Именно символы, понятые как знаки (не как содержательные формы концепта) в системе взаимных отношений, называемой структурой, конструируют семиосферу, понятие о которой Лотман формирует параллельно биосфере Вернадского (там же: 163 сл.). Но у Владимира Вернадского утверждается третий мир ноосферы, т.е. именно «семиосферы», но не в формальном, а в содержательном смысле со-знания концепта. Основными свойствами семиосферы Лотман признает бинарность построения и асимметрию структуры, а также ее неоднородность (центр и периферия, понятие границы – начала и концы, и пр.). На истории русской культуры, области, где Лотман чувствовал себя особенно свободно (предмет его знания) были сформулированы задачи культурологии как системы символов (Лотман 1973: 7). В конце XIX – начале XX века закончился какой-то цикл развития культуры, в частности, один из признаков этого:
«…в пределах XX века настойчиво проявляется тенденция к замене самоописаний культуры описаниями описаний – метатекстами второго уровня, направленными не на культуру как объект, а на механизм описания»
(феноменологический переход к герменевтике – собственно, третий уровень всё того же описания описания описания). Это ознаменовалось стремлением
«подвергнуть рассмотрению взаимодействие различных кодов культуры и их соотношение с внеположенной культуре реальностью»
(классический феноменологизм) как
«попытка на конкретных фактах из истории культуры раскрыть функции мифологического сознания в текстах позднейших периодов – не как окаменелого реликта, а в качестве хотя и подчиненного, но функционально важного элемента современной культуры»

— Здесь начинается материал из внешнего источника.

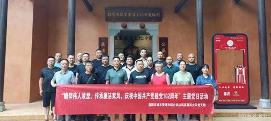 2023年6月30日,益阳市城管执法局直属四大队党支部开展“瞻仰伟人故里、传承廉洁家风,庆祝中国共产党建党102周年”主题党日活动,组织全体党员干部赴胡耀邦故居和秋收起义文家市会师纪念馆参观学习,感受胡耀邦同志“一生正气、两袖清风”的廉正作风,以及革命先烈们为了人民幸福勇于投身革命、不畏牺牲的可贵精神。

– последним и занимается современный феноменологизм, в том числе и в лице Лотмана. Понятиям современной культуры приписываются символы прошлого, и исходя из такого симбиоза (бинарности сознания) истолковывается национальная ментальность взятого в исследовательский оборот культурного наследия. Сделать это несложно, поскольку концы и начала переплелись немыслимым образом – концы изжитых символов и начала новых образов, исследовательской интуицией феноменолога сопряженных в понятии как выраженном концепте.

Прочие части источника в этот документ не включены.